The coldest brown dwarfs are around room temperature, and therefore pretty darn close to black in visible light - but they nevertheless support deuterium fusion. Remember the temperature of the radiative surface doesn't have to be the same as the temperature in the region where fusion takes place. (That also applies to the temperature of atmospheres discussion up-thread - there is an important difference between heat and temperature and a very very thin atmosphere can have a very high temperature yet still carry almost no heat.)

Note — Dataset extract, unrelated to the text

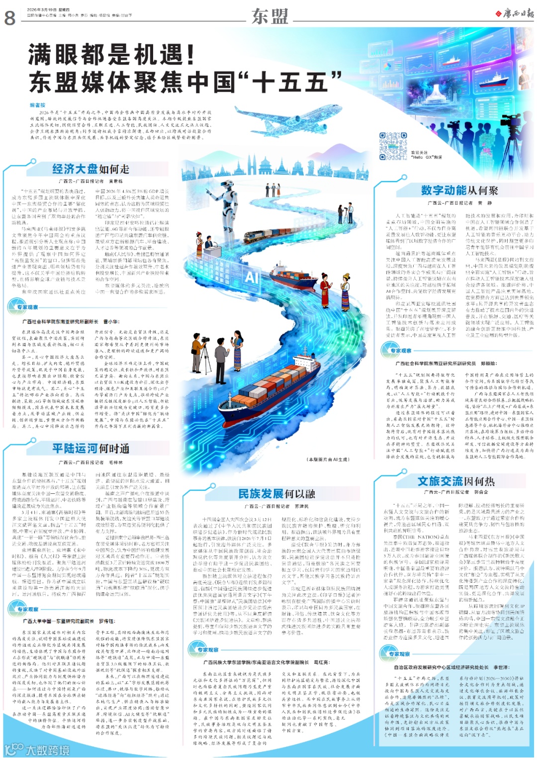 2026年是“十五五”规划开局之年。中国两会擘画高质量发展与高水平对外开放新蓝图,释放的发展信号与合作机遇备受东盟各国关注。本期聚焦东盟主流媒体关切,围绕经贸合作、互联互通、人工智能、民族团结、人文交流五大议题,呈现区域舆论视角;同步邀请权威专家解读,推动跨域对话,凝聚合作共识,传递中国与东盟共促发展、共享机遇的坚定立场。

I'm no physicist, but it is my understanding that after a certain size a star has to have fusion happening inside or it will collapse under its own gravity. I don't remember what the maximum size is, but I would guess that somewhere between Jupiter and maybe about twice as massive, give or take. And, of course, once the fusion reaction is kickstarted, its strength is pretty directly correlated to the mass of the star, so the more massive the star, the hotter (which is why cold stars tend to be very small, much smaller than our Sun, and very hot stars tend to be gigantic.)
In this case the "black" star in the screenshot is listed to have 116 solar masses, so I doubt it's physically possible for it to be that cold (its surface temperature is listed as 31 kelvin). There may be relatively cold stars out there, but I would guess they are very small, much smaller than the Sun.
I realise these things like in your screenshot are more likely a Stellar Forge issue though - where is this one?
The screenshot is from the Phimbeau AA-A h76 system.
There's another famous black star in the Splojeia AA-A h19 system (in this case with a surface temperature of 113 kelvin), if you want to make a tour.